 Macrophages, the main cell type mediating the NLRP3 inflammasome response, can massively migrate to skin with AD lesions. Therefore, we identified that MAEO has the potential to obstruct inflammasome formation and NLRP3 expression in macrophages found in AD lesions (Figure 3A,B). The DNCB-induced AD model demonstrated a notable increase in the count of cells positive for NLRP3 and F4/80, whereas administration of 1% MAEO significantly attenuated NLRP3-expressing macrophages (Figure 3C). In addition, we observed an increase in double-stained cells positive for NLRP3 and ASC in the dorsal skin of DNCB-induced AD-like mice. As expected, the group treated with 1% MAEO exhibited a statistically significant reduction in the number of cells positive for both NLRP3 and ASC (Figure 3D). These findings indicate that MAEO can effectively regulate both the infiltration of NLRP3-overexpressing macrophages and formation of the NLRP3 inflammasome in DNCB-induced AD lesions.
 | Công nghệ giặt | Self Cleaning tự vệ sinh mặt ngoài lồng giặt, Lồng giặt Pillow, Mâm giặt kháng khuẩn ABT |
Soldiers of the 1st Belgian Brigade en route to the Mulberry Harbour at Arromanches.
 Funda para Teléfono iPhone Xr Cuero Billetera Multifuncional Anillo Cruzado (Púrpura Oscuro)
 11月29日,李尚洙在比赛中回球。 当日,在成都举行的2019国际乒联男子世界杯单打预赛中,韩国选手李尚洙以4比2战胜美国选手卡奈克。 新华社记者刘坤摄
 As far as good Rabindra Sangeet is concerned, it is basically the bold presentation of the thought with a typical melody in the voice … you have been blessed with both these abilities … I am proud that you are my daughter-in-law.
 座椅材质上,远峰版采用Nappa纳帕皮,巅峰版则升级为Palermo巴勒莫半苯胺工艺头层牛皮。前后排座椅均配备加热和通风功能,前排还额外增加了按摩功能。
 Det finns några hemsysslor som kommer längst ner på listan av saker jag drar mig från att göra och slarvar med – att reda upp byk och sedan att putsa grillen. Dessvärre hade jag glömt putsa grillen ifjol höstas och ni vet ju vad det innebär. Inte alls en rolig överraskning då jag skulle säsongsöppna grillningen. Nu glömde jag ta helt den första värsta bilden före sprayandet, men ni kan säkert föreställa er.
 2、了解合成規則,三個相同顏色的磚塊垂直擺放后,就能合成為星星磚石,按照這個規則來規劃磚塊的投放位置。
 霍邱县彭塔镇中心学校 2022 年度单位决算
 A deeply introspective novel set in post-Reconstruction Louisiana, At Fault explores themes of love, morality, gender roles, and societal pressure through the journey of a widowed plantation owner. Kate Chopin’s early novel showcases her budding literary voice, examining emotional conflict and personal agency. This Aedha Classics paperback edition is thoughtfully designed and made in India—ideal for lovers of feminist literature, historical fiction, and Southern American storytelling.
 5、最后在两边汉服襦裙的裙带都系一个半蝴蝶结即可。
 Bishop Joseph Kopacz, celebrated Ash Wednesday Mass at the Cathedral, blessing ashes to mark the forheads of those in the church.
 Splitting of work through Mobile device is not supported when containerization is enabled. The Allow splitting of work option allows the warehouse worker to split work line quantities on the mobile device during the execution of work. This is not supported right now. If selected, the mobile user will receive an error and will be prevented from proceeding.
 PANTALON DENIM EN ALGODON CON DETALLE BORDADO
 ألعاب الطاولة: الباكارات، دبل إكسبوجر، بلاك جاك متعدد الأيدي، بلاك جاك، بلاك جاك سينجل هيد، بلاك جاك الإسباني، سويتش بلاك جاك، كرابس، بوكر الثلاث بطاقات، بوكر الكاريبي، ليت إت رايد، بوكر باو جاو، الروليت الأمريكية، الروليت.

Task instructions:
Which lines above include the word "that"? Return each one.

Answer to the problem:
 Macrophages, the main cell type mediating the NLRP3 inflammasome response, can massively migrate to skin with AD lesions. Therefore, we identified that MAEO has the potential to obstruct inflammasome formation and NLRP3 expression in macrophages found in AD lesions (Figure 3A,B). The DNCB-induced AD model demonstrated a notable increase in the count of cells positive for NLRP3 and F4/80, whereas administration of 1% MAEO significantly attenuated NLRP3-expressing macrophages (Figure 3C). In addition, we observed an increase in double-stained cells positive for NLRP3 and ASC in the dorsal skin of DNCB-induced AD-like mice. As expected, the group treated with 1% MAEO exhibited a statistically significant reduction in the number of cells positive for both NLRP3 and ASC (Figure 3D). These findings indicate that MAEO can effectively regulate both the infiltration of NLRP3-overexpressing macrophages and formation of the NLRP3 inflammasome in DNCB-induced AD lesions.
 As far as good Rabindra Sangeet is concerned, it is basically the bold presentation of the thought with a typical melody in the voice … you have been blessed with both these abilities … I am proud that you are my daughter-in-law.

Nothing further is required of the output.